Analysis Purpose and Hypothesis
The Institute for Clinical and Economic Review (ICER) recently shared a final Evidence Report assessing the value of ensifentrine (Verona Pharma) for the treatment of chronic obstructive pulmonary disease (COPD). In this report, ICER developed a cost-effectiveness model (CEM) to simulate the costs and health outcomes associated with treatment compared to standard of care (SoC). This model served as the foundation for a traditional cost-effectiveness analysis (CEA), which ICER utilized to estimate the maximum annual value-based price (VBP)1 of ensifentrine under several willingness to pay per quality-adjusted life-year (QALY) thresholds.
1 A VBP is the maximum net price that can be charged for a drug to still be cost-effective at a given willingness to pay. Put differently, it is the net price in which the total discounted incremental monetary benefits of treatment are equal to the total discounted incremental costs.
As we discussed in our recent blog post, there has been an increased use of GCEA to offer more holistic modeling strategies in response to the restrictive assumptions of traditional CEA. Utilizing the PROVENTM platform, EntityRisk implemented a CEM similar to ICER’s while also including novel GCEA value elements.
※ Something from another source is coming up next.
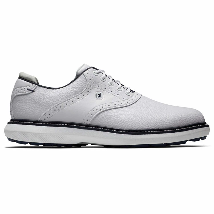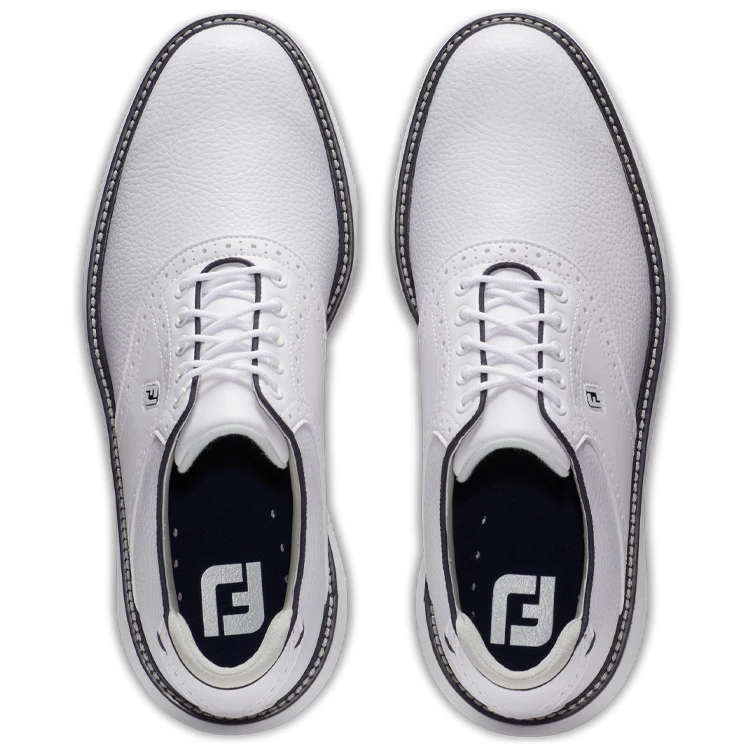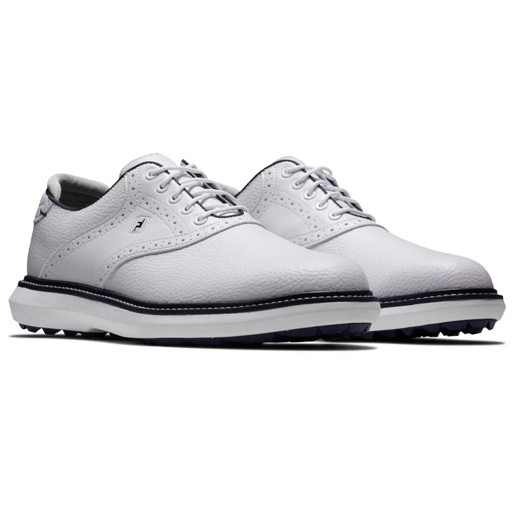 | FootJoy FJ Traditions Spikeless 57927 Golf Shoes Spikeless Comfort In A Modern Classic Style FootJoy FJ Traditions offer complete traction and can be easily maintained round after round. Lightweight comfort and super-cushioned foam deliver an incredibly flexible and comfortable ride. The super-cushioned foam underfoot will keep you comfortable and supported throughout the entire round, and built in achilles pad ensures a perfect no-slip fit. 100% waterproof, a full grain leather provides a soft and easy to clean upper with 1 year waterproof protection. The VersaTrax outsole is engineered with traction elements to create an outsole that is perfect for on course performance with wear-to-the course versatility. Clean and iconic, the FJ Traditions Golf Shoes offer the perfect blend of classic design with modern performance. |
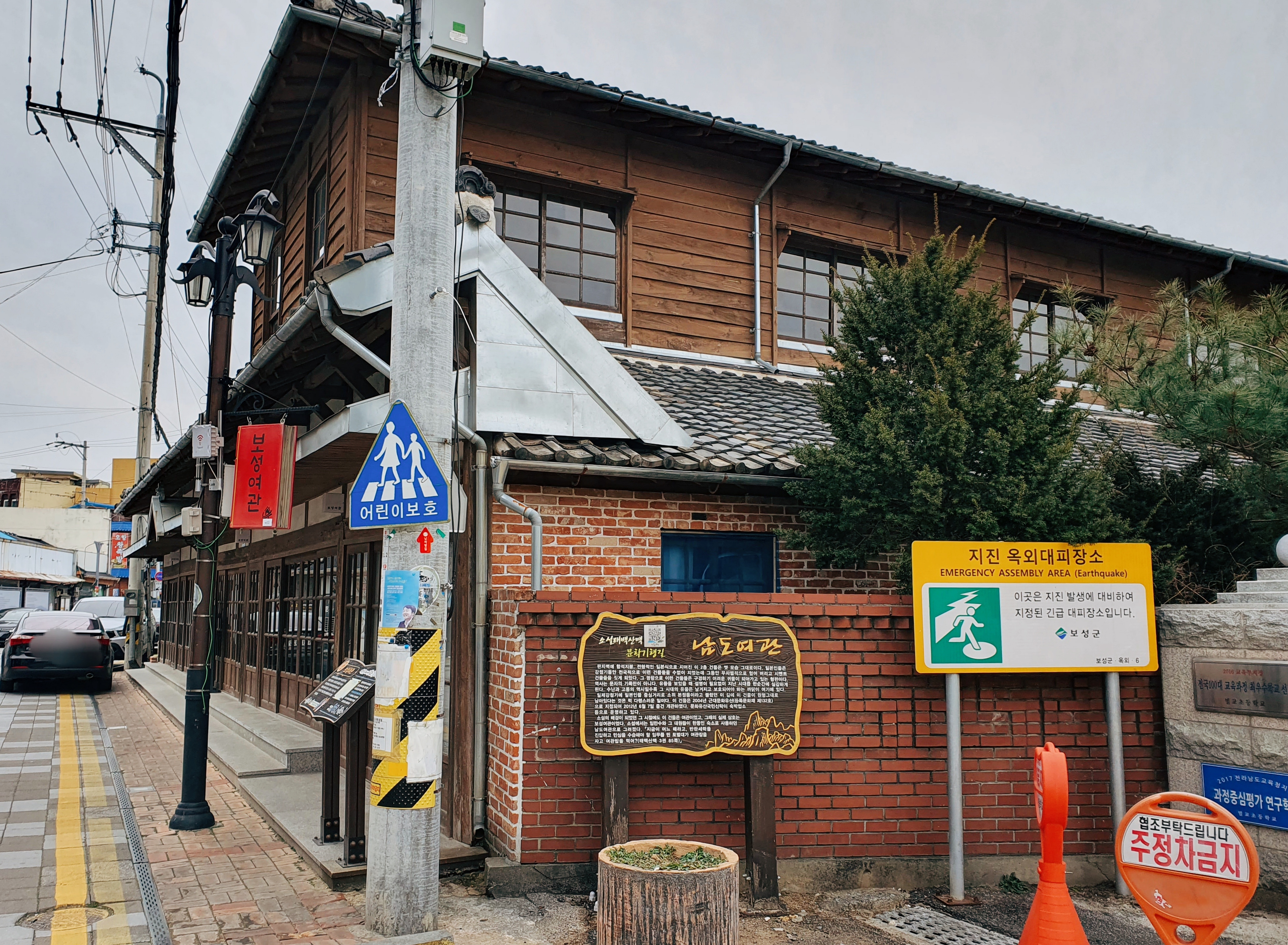 벌교에 꼬막 정식을 먹고 나오는 길에, 일본식 가옥과 한옥 양식이 섞인 건물이 늘어서 있는 거리를 만났습니다. 동네 풍경이 낯설고 신기해서 잠깐 동네 산책을 하다보니 보성여관을 만났습니다.

Ex ante, the joint impact on VBPs of including all GCEA value elements is difficult to predict in both magnitude and direction. However, when certain GCEA elements are added individually, it is possible to reason through the direction of their potential impact on VBPs. For example, dynamic pricing models allow the drug acquisition cost of ensifentrine to drop by a substantial percentage after loss of exclusivity due to patent expiry; the incorporation of this GCEA value element should almost certainly raise ensifentrine’s VBP, but the magnitude of this positive impact potentially depends on multiple other model inputs.
We utilized SHAP analysis to formally investigate the sensitivity of dynamic pricing’s VBP impact to model inputs. We hypothesized that the inputs that impact mortality, such as starting age of the cohort or disease-related mortality, should also influence the impact of including dynamic pricing on VBP; for instance, older cohorts should dampen the effect of dynamic pricing because higher background mortality results in a higher proportion of the cohort entering the death state before they can benefit from the reduced ensifentrine drug acquisition cost. We tested this hypothesis by utilizing our EvidenceMLTM software to run a SHAP analysis on a ΔVBP outcome, where Δ represents the absolute difference in VBPs such that:
ΔVBP = VBP2 – VBP1
where VBP1 represents the VBP under a traditional CEA framework and VBP2 represents the VBP under traditional CEA with dynamic pricing (i.e., a limited form of GCEA).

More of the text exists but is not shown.